We have proposed an extension to SPARQL that allows to generate any kind of XML documents from multiple RDF data and a given XML template [Alkhateeb 2008c]. Thanks to this extension, an XML template can itself contain SPARQL queries that can import template instances. Such an approach allows to reuse templates, divide related information into various templates and avoid templates containing mixed languages. Moreover, reasoning capabilities can be exploited using RDFS, and document adaptation could be achieved using the SPARQL FILTER clause in order to restrict the answers to the set that satisfies the given profile.

This work is a joint work with Nabil Layaïda (WAM project). It has been the DEA of Victor Dias and the thesis of Sébastien Laborie.

References on multimedia adaptation

Self interpreted logics and RDF entailment

We are interested in various knowledge representation languages whose formulas can be represented by graphs and where the truth value of a formula in a model-theoretic interpretation can be expressed by some kind of graph homomorphism. Such languages naturally encompass conceptual graphs or RDF, but also propositional logics, constraint networks or positive Datalog.

Inspired by conceptual graphs, we have adapted the reasoning operation used in this model (basically a graph homomorphism) to obtain sound and complete inferences in the Semantic Web languages RDF [Baget 2003c] and RDFS. These inferences can thus benefit from the efficient graph homomorphism algorithms developed for conceptual graphs [Baget 2003b].

Our work on graph-based knowledge representation languages, such as conceptual graphs and RDF, has led to identify similarities, not only between the algorithms used to compute entailment (different kinds of graph homomorphisms), but also in the way their semantics are expressed. In order to identify the logics that can benefit from this property, we obtained the following results:

For any logic L, the consequence relation is a preorder, and is equivalent to a lattice if L is conjunctive.
For any preorder ≺, we can build a logic L whose logical consequence relation is ≺, and where the interpretations are formulas of the language (we call such a logic a self-interpreted logic).
Any preorder on a countable set of objects is a suborder of graph homomorphism.

Any conjunctive logic having a countable set of formulas is thus equivalent to a self-interpreted logic where both truth values and entailment are expressed via a graph homomorphism. However, the third item above being non constructive, such an equivalent logic cannot be automatically generated. We have instead adopted another approach, where the semantics of a language is described via graph homomorphisms.

Consider a logic, i.e., a set of formulas, a set of interpretations, and a relation expressing which interpretations are models for a logic.

Both formulas and model-theoretic interpretations can be encoded as graphs (respectively formula graphs and interpretation graphs)
Assume a graph homomorphism, called a projection (a mapping of nodes fulfilling particular properties) such that:
- The interpretation I is a model of the formula f if and only if the graph of f projects into the graph of I;
- For every satisfiable formula f, there exists a model I of f such that the graph of I projects into the graph of f.
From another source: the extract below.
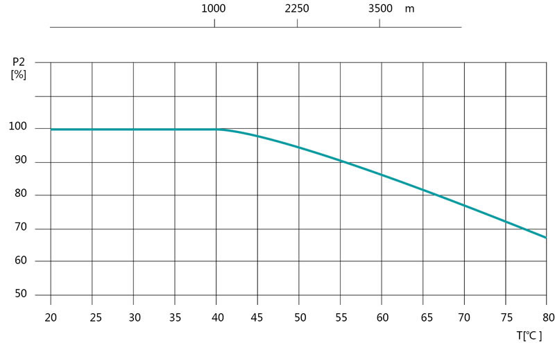 อุณหภูมิโดยรอบสูงสุดเมื่อปั๊มน้ำทำงานในสถานที่ที่อุณหภูมิสูงกว่า40 ℃หรือระดับความสูงที่สูงกว่า 1000m กำลังส่งออกของมอเตอร์ P2 จะลดลงเนื่องจากการระบายความร้อนทำงานไม่ดีที่เกิดจากความหนาแน่นของอากาศต่ำ ดังนั้นในกรณีที่ปั๊มน้ำแบบแนวตั้งควรจะติดตั้งมอเตอร์กำลังสูง

In that case, the projection considered is a sound and complete entailment mechanism for the logic involved.

Through this framework, we have characterized a class of logics, including RDF or conceptual graphs, whose semantics can be expressed via a graph homomorphism. The main interest of this approach is to automatically generate a decision procedure for the entailment relation from the description of the semantics (as graph homomorphism computation). Proofs of soundness and completeness results for entailment in both the conceptual graphs and RDF formalisms have been unified into this framework [Baget 2004a, 2005a].

This work has interesting consequences with respect to EXMO objectives. Let us suppose two ontologies o and o' in logics expressed in our meta-language and a set of equivalences, e.g., an alignment, between terms of o and o'. A merge of o and o' is an ontology o" that contains both formulas of o and o', that preserves logical consequence in o and o', and where equivalent terms in o and o' are interpreted as the same object in each model. If we can generate this logic, and if the obtained o" is self-interpreted, then we can generate the logical consequence algorithm for o". We have developed a set of transformations ensuring that the obtained logic is self-interpreted, but two questions remain: (1) are these transformations sufficient to handle all cases, and (2) can we automatically compose these transformations to obtain o" ?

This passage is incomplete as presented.